В связи с тенденцией к широкому раскрытию господствующих в обществе отношений разнородные явления, входящие в понятие среды, интересовали Салтыкова не в одинаковой степени. Он останавливал внимание прежде всего на явлениях общественного, а не частного быта. Экскурсы сатирика в область домашнего быта были подчинены критике общественно-политических явлений. Сатира Щедрина казнила все эксплуататорское общество, а не отдельных его представителей. Его произведения всем своим существом погружены в социально-политические проблемы. Реализм Щедрина шире его сатиры; его сатира, взятая в целом, шире его политической сатиры. Но если определение творчества Салтыкова как политической сатиры не исчерпывает всего, то оно улавливает самое главное в характере связей щедринского реализма с действительностью.

Общественно-политическая и идеологическая борьба — вот та арена, на которой с наибольшей полнотой проявляет себя сатирическое дарование Щедрина. Типичные герои щедринской сатиры — это люди, подвизающиеся в сферах административно-политической и социально-экономической деятельности, творцы «внутренней политики» и «столпы» экономики буржуазно-дворянского государства.

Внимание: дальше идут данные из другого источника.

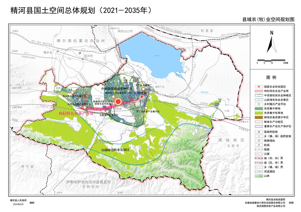 根据《中共中央国务院关于建立国土空间规划体系并监督实施的若干意见》(中发〔2019〕18号)要求,依据《全国国土空间规划纲要(2021—2035年)》《新疆维吾尔自治区国土空间规划(2021—2035年)》《博尔塔拉蒙古自治州国土空间总体规划(2021—2035年)》,精河县人民政府编制《精河县国土空间总体规划(2021—2035年)》(以下简称本规划)。本规划是对国家、自治区和博州国土空间总体规划的细化落实,对精河县国土空间保护、开发、利用、修复作出具体安排和综合部署,为支撑形成高质量发展的国土空间布局提供空间保障,是编制乡镇(场)国土空间总体规划、详细规划、相关专项规划和开展各类开发保护建设活动、实施国土空间用途管制的基本依据。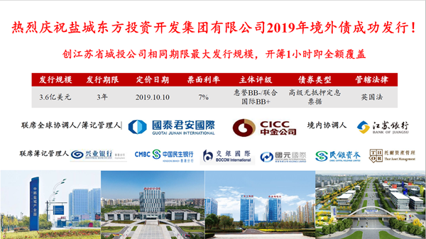 由于始終堅(jiān)持精誠(chéng)合作,該集團(tuán)現(xiàn)已成為許多銀行和金融機(jī)構(gòu)、眾多投資人的戰(zhàn)略合作伙伴,直接融資占比50%左右;南京銀行已將其納入總行級(jí)戰(zhàn)略客戶,該集團(tuán)成為江蘇銀行前十大授信合作單位;繼2016年在全市首家發(fā)行3億元境外債后,該集團(tuán)今年10月在香港成功發(fā)行第二單、3年期3.6億美元境外債一次性募集到位,為江蘇省同類(lèi)型、同期間最大發(fā)行規(guī)模。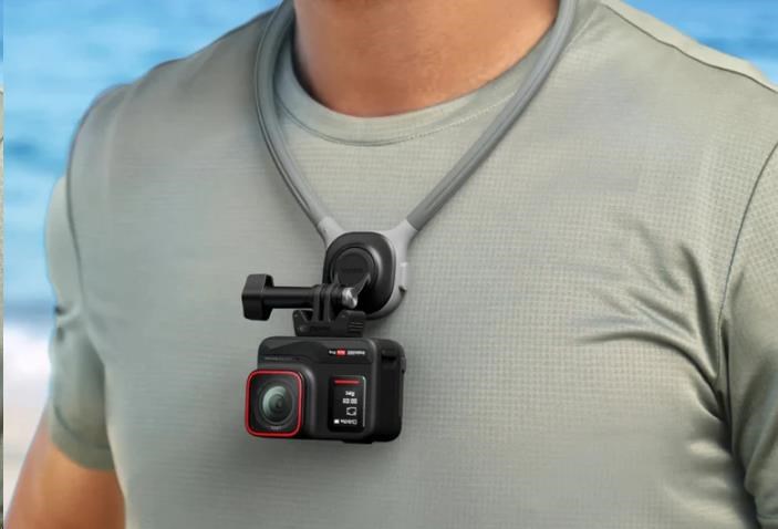 Pohodlný držák na krk pro kamery Insta360 GO 3S, GO 3, GO 2, X4, X3, ONE X2, Ace Pro 2 a ONE RS (4K i Twin edice) umožňuje natáčení z pohledu první osoby bez použití rukou. Má 360° otočnou základnu, rychlý uzamykací mechanismus a měkký, prodyšný silikon pro celodenní pohodlí.

Акцентировка внимания на разоблачении господствующей общественно-политической среды, самодержавного «болота», существенным образом сказывается на общей структуре и содержании произведений Щедрина, на отборе и группировке типов, на принципах типизации и на психологическом анализе, другими словами — на всем его творческом методе.

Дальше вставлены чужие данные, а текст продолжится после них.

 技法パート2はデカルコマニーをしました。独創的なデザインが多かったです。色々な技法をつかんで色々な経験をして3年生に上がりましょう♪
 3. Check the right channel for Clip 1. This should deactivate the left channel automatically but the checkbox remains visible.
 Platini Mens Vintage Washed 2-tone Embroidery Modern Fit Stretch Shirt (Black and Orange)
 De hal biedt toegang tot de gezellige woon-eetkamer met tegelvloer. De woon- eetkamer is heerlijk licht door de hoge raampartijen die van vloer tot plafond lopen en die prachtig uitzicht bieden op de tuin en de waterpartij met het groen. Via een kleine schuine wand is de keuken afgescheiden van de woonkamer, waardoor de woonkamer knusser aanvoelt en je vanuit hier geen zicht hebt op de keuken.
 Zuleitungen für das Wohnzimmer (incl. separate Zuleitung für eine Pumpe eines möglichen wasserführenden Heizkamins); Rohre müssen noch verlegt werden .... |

Щедрина интересуют преимущественно такие социальные типы, которые наиболее ярко олицетворяют основные отрицательные свойства правящих классов, сословий, каст, партий, а не те или иные отклонения от этих свойств.

Для произведений Щедрина характерна густая «населенность», обилие эпизодических — второстепенных и третьестепенных — фигур, каждая из которых в отдельности очень часто не оставляет завершенного впечатления, но которые в своей совокупности образуют определенный социальный фон, служат средством воссоздания общественно-политической атмосферы.

Вокруг скульптурно очерченных основных сатирических типов Щедрина обычно вращается целая масса их спутников, варьирующих главные свойства типа и прибавляющих к нему новые оттенки: Угрюм-Бурчеев и рядом с ним другие градоначальники и помпадуры, Дерунов — и вокруг него целая группа «чумазых», Алексей Степанович Молчалин — и множество других фигур молчалинской генерации. Если монументально обрисованный персонаж, олицетворяющий тот или иной слой общества, призван дать яркое представление о социально-политической и психологической сущности данного типа, то родственные персонажи-спутники имеют своим назначением охарактеризовать его массовид-ность, распространенность. Из этого же стремления сатирика к полноте обрисовки психологии, идеологии, политики и социальной практики целых господствующих классов, партий и каст вытекает обилие «массовых» портретов, собирательных характеристик, определений, сатирических оценок — глуповцы, помпадуры, градоначальники, ташкентцы, пенкосниматели, чумазые и т. д.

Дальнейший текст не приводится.